Instructions for the task
The full listing, excluding its pictures, should be printed exactly as it stands.

Materials provided
********
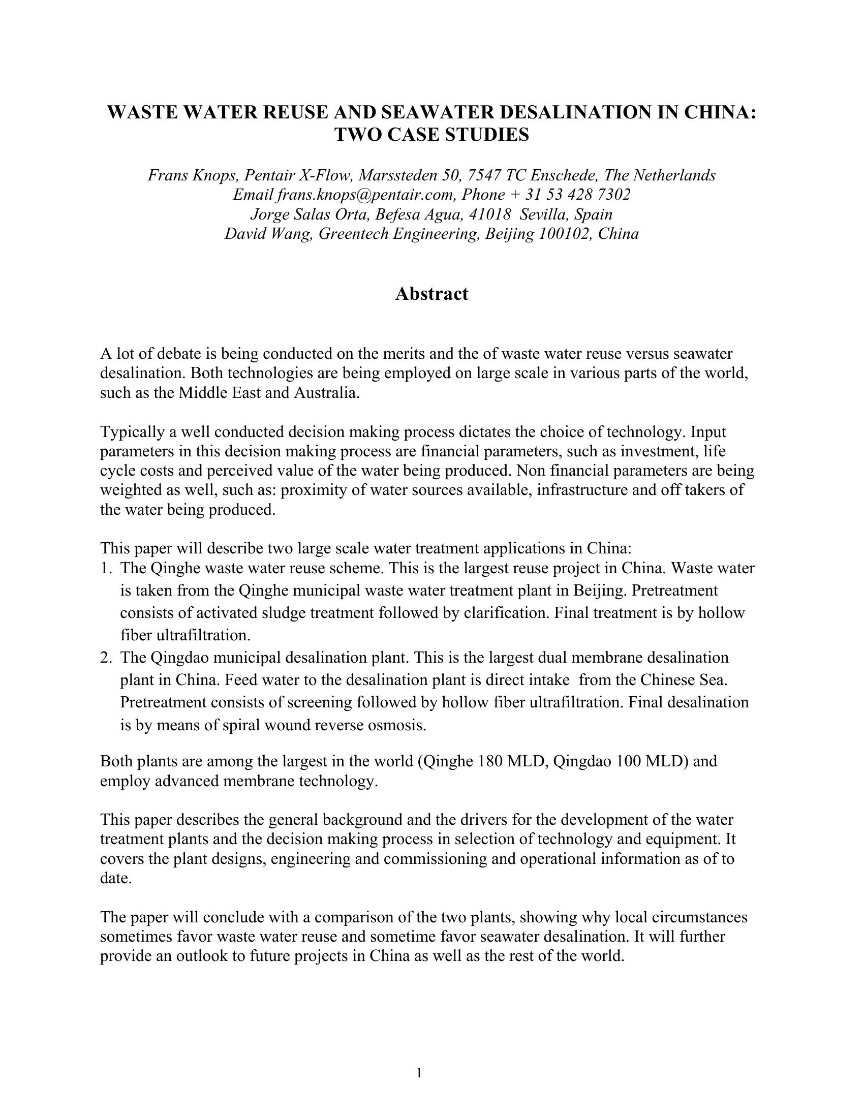 This paper describes two large scale membrane treatment applications in China which focus on seawater desalination and reuse schemes. It covers plant design, engineering, and operational information of the two plants and shows why local circumstances sometimes favor waste water reuse and sometime favor seawater desalination.
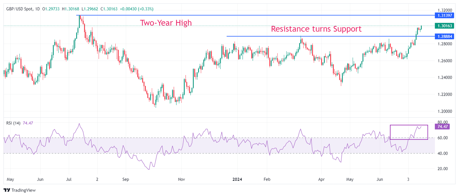 The Pound Sterling jumps above 1.3000 against the US Dollar. The near-term outlook of the GBP/USD pair remains firm as it holds the key support of the March 8 high near 1.2900, which used to be a resistance. The major is expected to extend its upside towards a two-year high near 1.3140.
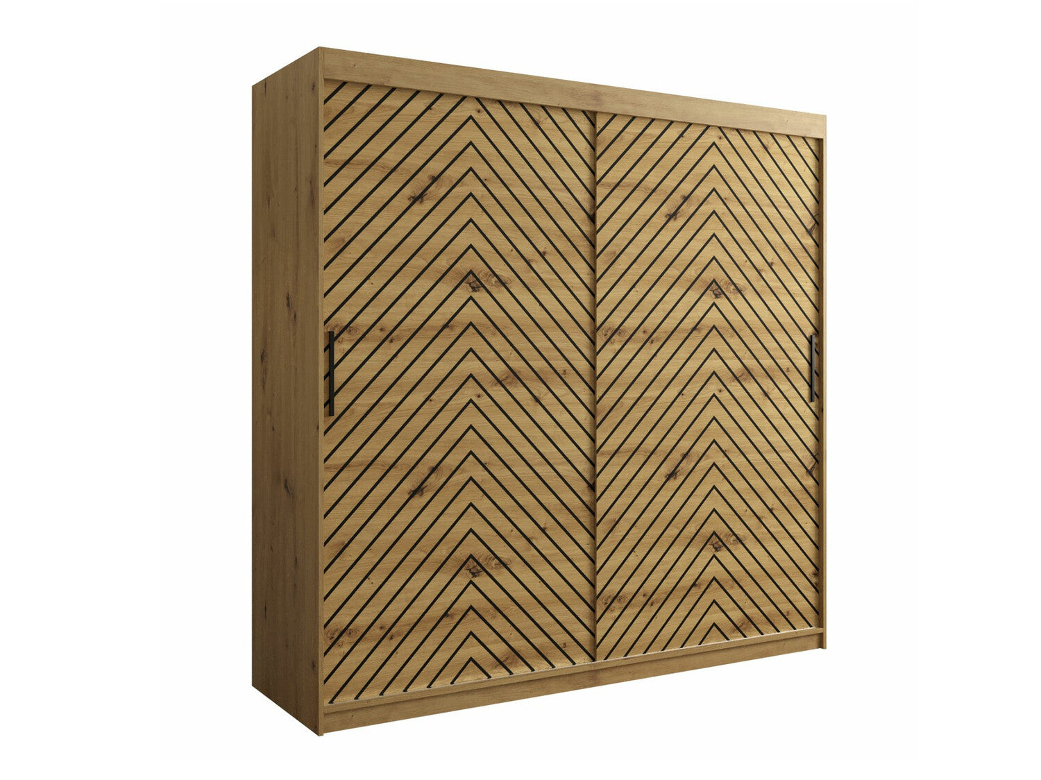 Gardróbszekrény 200 Jodełka 1 (Ratintu), Szín: Artisan tölgy + Fekete, Fiókok: Nem
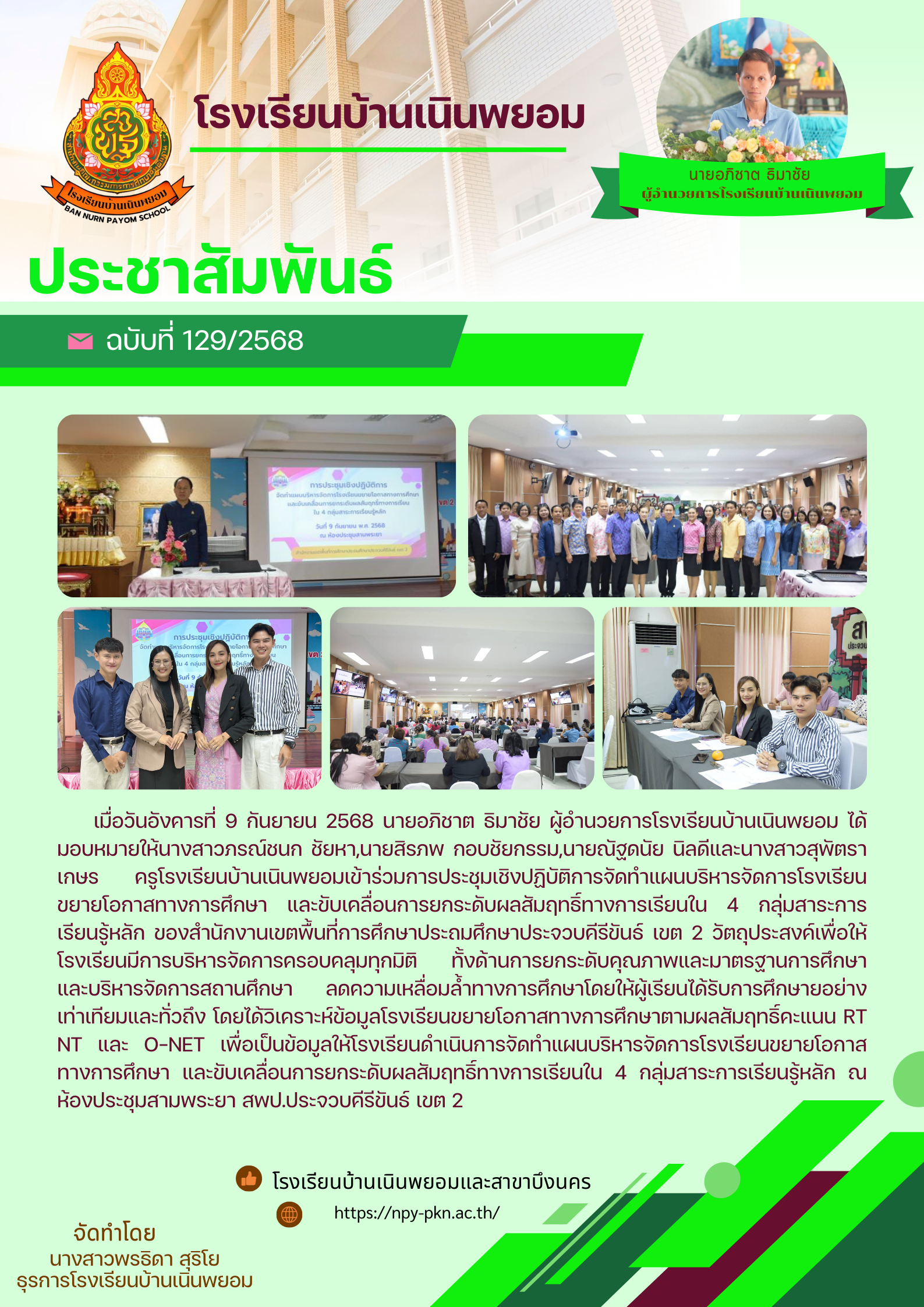 การประชุมเชิงปฏิบัติการจัดทำแผนบริหารจัดการโรงเรียนขยายโอกาสทางการศึกษา และขับเคลื่อนการยกระดับผลสัมฤทธิ์ทางการเรียนใน 4 กลุ่มสาระการเรียนรู้หลัก
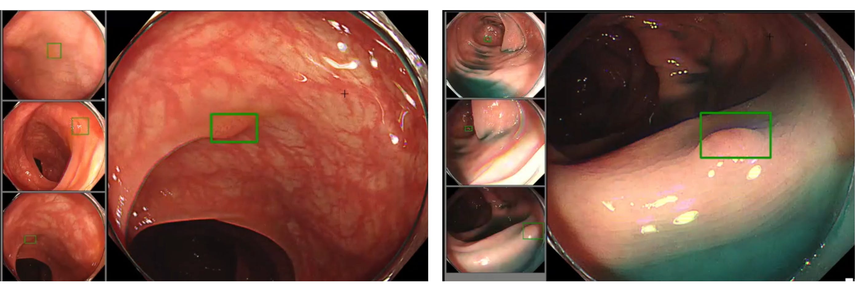 As Dr. Berzin started descending down the colon, the screen displayed the twisting and turning pathway lined with folds and crevices, all rendered in shades of pinkish-orange. "In textbooks, polyps seem easily spotted," said Dr. Berzin, leaning toward the monitor, scrutinizing it with quiet focus. “In reality, they blend into the tissue, elusive as phantoms." Suddenly, a green box outline flashed on the screen, momentarily highlighting a structure within view: a symbol of a possible discovery. But the physician, steady and assured, quickly dispelled the illusion: "The AI thinks there's a polyp here, but that's just a fold." A moment later, the green box had vanished.
********
Solution to the problem
 This paper describes two large scale membrane treatment applications in China which focus on seawater desalination and reuse schemes. It covers plant design, engineering, and operational information of the two plants and shows why local circumstances sometimes favor waste water reuse and sometime favor seawater desalination.
 The Pound Sterling jumps above 1.3000 against the US Dollar. The near-term outlook of the GBP/USD pair remains firm as it holds the key support of the March 8 high near 1.2900, which used to be a resistance. The major is expected to extend its upside towards a two-year high near 1.3140.
 Gardróbszekrény 200 Jodełka 1 (Ratintu), Szín: Artisan tölgy + Fekete, Fiókok: Nem
 การประชุมเชิงปฏิบัติการจัดทำแผนบริหารจัดการโรงเรียนขยายโอกาสทางการศึกษา และขับเคลื่อนการยกระดับผลสัมฤทธิ์ทางการเรียนใน 4 กลุ่มสาระการเรียนรู้หลัก
 As Dr. Berzin started descending down the colon, the screen displayed the twisting and turning pathway lined with folds and crevices, all rendered in shades of pinkish-orange. "In textbooks, polyps seem easily spotted," said Dr. Berzin, leaning toward the monitor, scrutinizing it with quiet focus. “In reality, they blend into the tissue, elusive as phantoms." Suddenly, a green box outline flashed on the screen, momentarily highlighting a structure within view: a symbol of a possible discovery. But the physician, steady and assured, quickly dispelled the illusion: "The AI thinks there's a polyp here, but that's just a fold." A moment later, the green box had vanished.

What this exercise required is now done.